What this task involves
Exact reproduction is required for the lines below starting at the line with "Contoh Proposal Pengajuan" and ending at the line with "Sinsay - Midi", both included. No other lines, and no pictures.

Entries shown
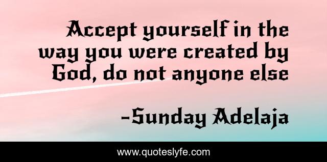 This page presents the quote "Accept yourself in the way you were created by God, do not anyone else". Author of this quote is Sunday Adelaja. This quote is about self-acceptance, life, creation, people, god,.
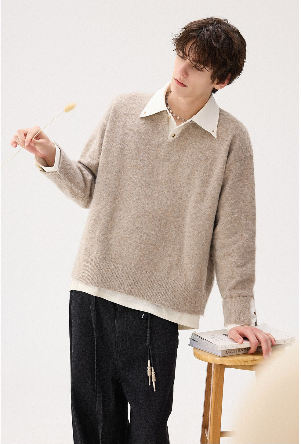 - Tissu en laine brossée avec une texture douce et décontractée
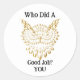 La tête et le visage impressionnants d'une chouette en or, est présenté sur cet autocollant rond classique. Avec un message, "Qui a fait un bon travail ? VOUS", fait un grand autocollant pour les enseignants à donner à leurs élèves et même aux membres de la famille pour les encourager à terminer le travail, les projets et plus autour de la maison!
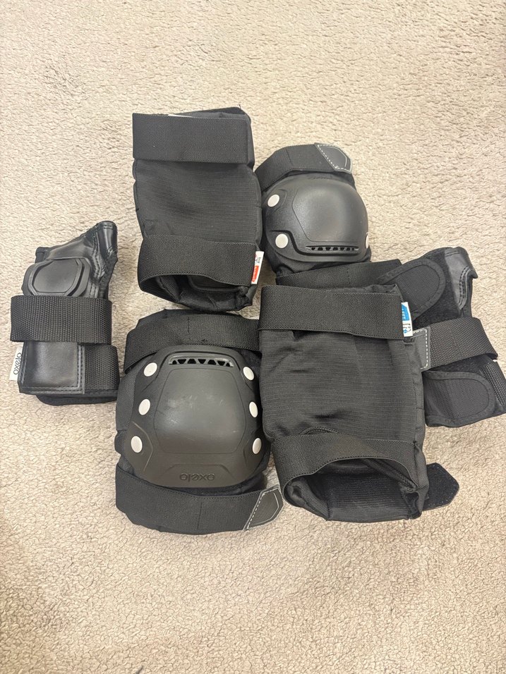 OXELO marka destek seti koruyucu seti paten scooter kaykay bisiklet her şeyde kullanılabilir. Hem yetişkinlere hem çocuklara uygun. Velcro kayışlı, yumuşak kürk iç yüzeyli siyah biker tarzı diz koruyucular. Aktif kullanıma uygun, desen içermeyen şık tasarım. ️
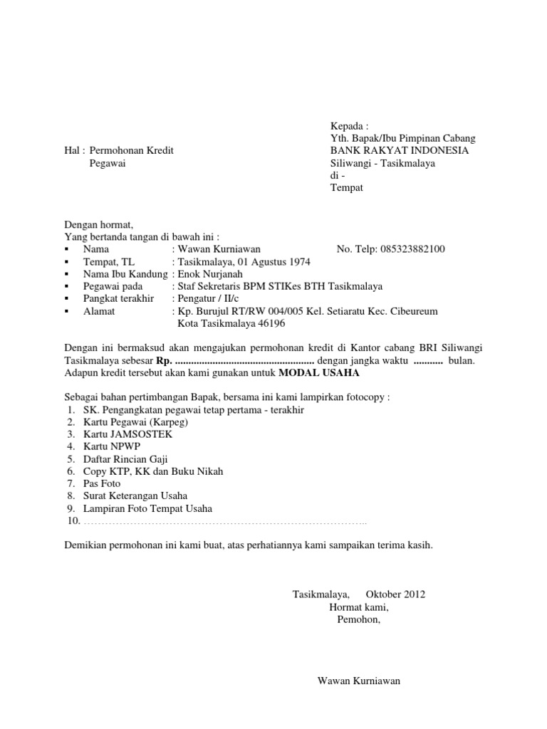 Contoh Proposal Pengajuan Kredit Ke Bank Bri Barisan Contoh
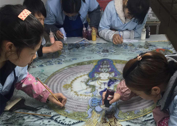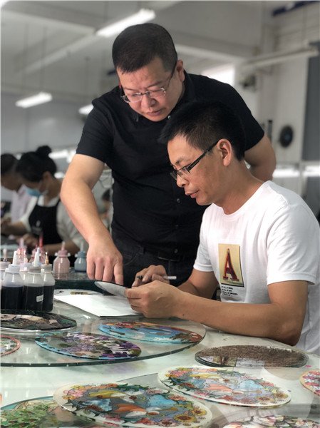 趙獻正在指導工人作畫。受訪者供圖 趙獻說道,學藝是需要下苦功夫的,例如彩繪玻璃上色,描線等有時需要一坐就是很多個小時,很多年輕人吃不了這些苦。找到合適的工人和畫師也費功夫。 推陳出新融入“中國風”
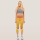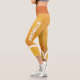These modern workout leggings feature trendy shades of yellow and orange with customizable name on both sides in white all caps font. The waistband is plain orange
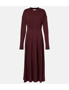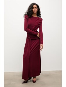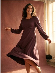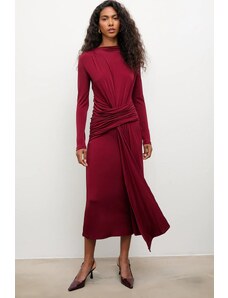 Sinsay - Midi šaty s bufanovými rukávmi a riasením s viskózou - bordová
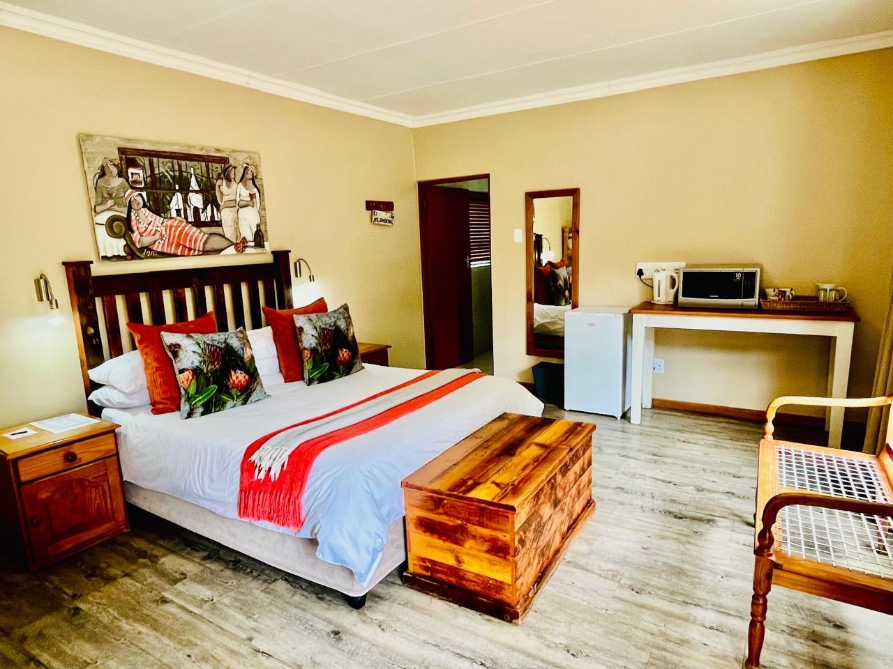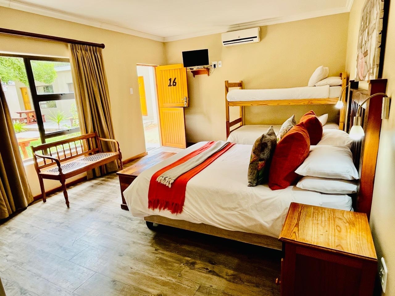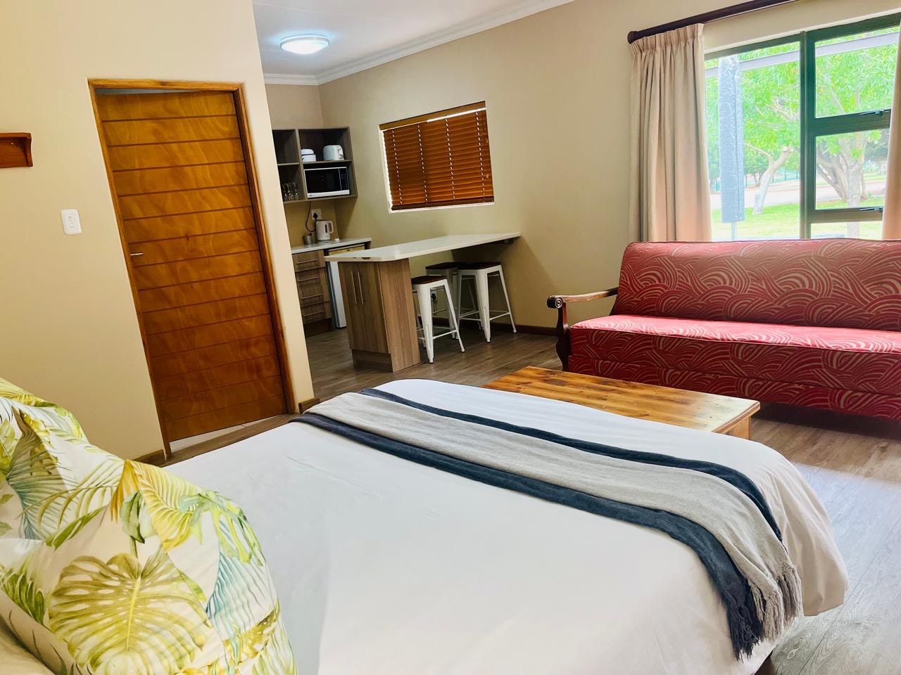 Dié selfsorgkamer het 'n kombuisie sonder 'n stoof. Daar is 'n koningingrootte-bed, 'n stapelbed en 'n en suite-badkamer met 'n stort. Ander geriewe sluit 'n TV, lugversorging, 'n yskas en koffie- en teemaakgeriewe in.
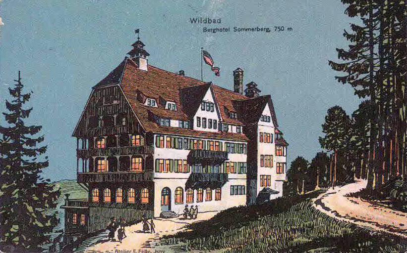 Keywords: Felle Wildbad Sommerberg Hotel.jpg Ansichtskarte von Eugen Felle; Technoseum Landesmuseum für Technik und Arbeit Mannheim <br />Motiv Bad Wildbad Hotel am Sommerberg http //www technoseum de/ early 20th century Creator Eugen Felle PD-old-auto 1934 Postcards of Bad Wildbad Demolished buildings in Bad Wildbad Eugen Felle Sommerberg Bad Wildbad Hotels in Bad Wildbad low quality |
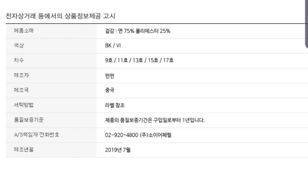 | 제품소재 | 상품페이지 참고 |
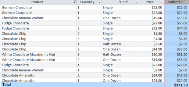 Thêm các trường được tính toán và hàng tổng số cho phép bạn thực hiện tính toán với dữ liệu trên bảng. Trường được tính toán sẽ tính dữ liệu trong một bản ghi, hàng tổng số sẽ tính toán trên toàn bộ trường dữ liệu. Bất cứ khi nào nhìn thấy một tổng con của bản ghi, đó là trường được tính toán, một hàng có tổng số toàn bộ tổng con ở cuối cùng chính là hàng tổng số.
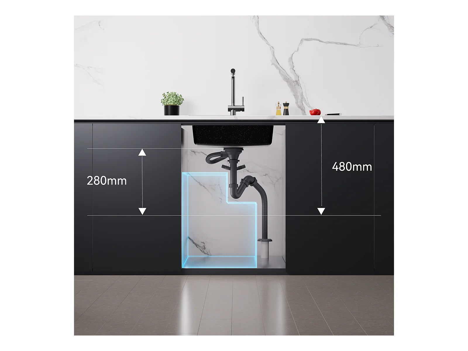 1 Bac Évier Cuisine en Granit,55*45*20cm,Kit de Vidage,Noir+Robinet de Cuisine Flexible Bec Haut Orientable Librement ,Blanc
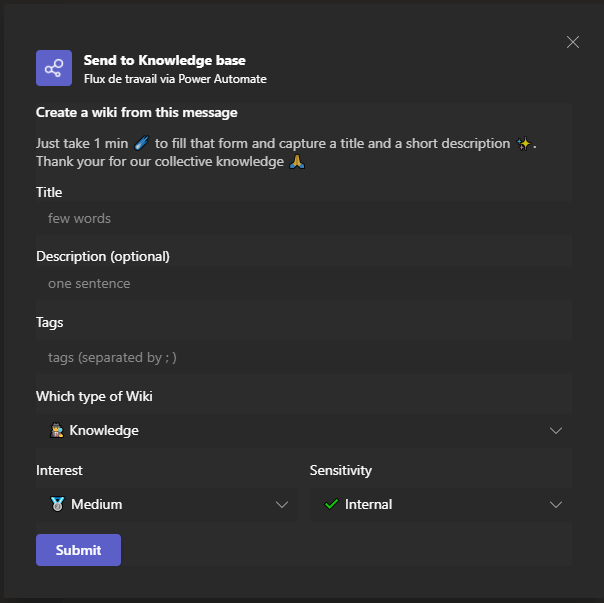 Il comprend un flux Power Automate pour aider les employés à collecter facilement les informations de messages spécifiques via un formulaire dans Teams. De nos jours, l’information se puise directement au cœur des équipes, c’est dans ces conversations entre collègues qu’il faut collecter les connaissances pour créer une intelligence collective.
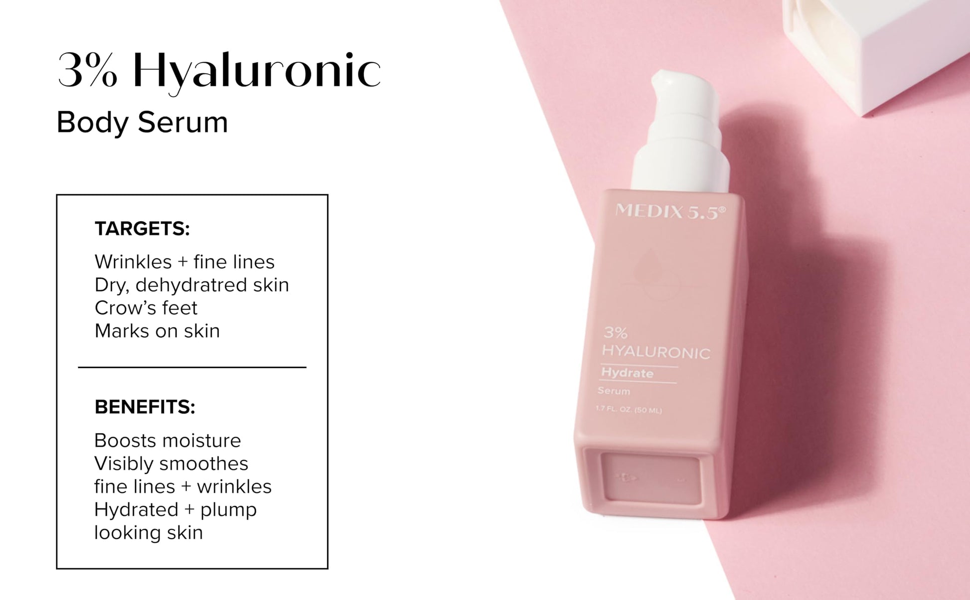 - BOOSTER – Supercharge your regular daily skin care routine by adding this highly concentrated 3% Hyaluronic Acid Hydration Booster Serum formulated to be combined with your favorite Medix 5.5 body moisturizer treatment cream, but can also be added to your favorite body moisturizer, face cream, body oil, after shave, or facial serum. Also combines well with Vitamin C, Retinol, Alpha Hydroxy Acids (AHAs), & Beta Hydroxy Acids (BHAs) products.
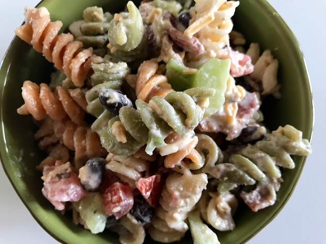 In a large bowl add the pasta, tomato, cucumber, black beans and shredded cheese. Toss with dressing. Salt, pepper and season to taste. Chill before serving.

Completed task
 Contoh Proposal Pengajuan Kredit Ke Bank Bri Barisan Contoh
 趙獻正在指導工人作畫。受訪者供圖 趙獻說道,學藝是需要下苦功夫的,例如彩繪玻璃上色,描線等有時需要一坐就是很多個小時,很多年輕人吃不了這些苦。找到合適的工人和畫師也費功夫。 推陳出新融入“中國風”
These modern workout leggings feature trendy shades of yellow and orange with customizable name on both sides in white all caps font. The waistband is plain orange
 Sinsay - Midi šaty s bufanovými rukávmi a riasením s viskózou - bordová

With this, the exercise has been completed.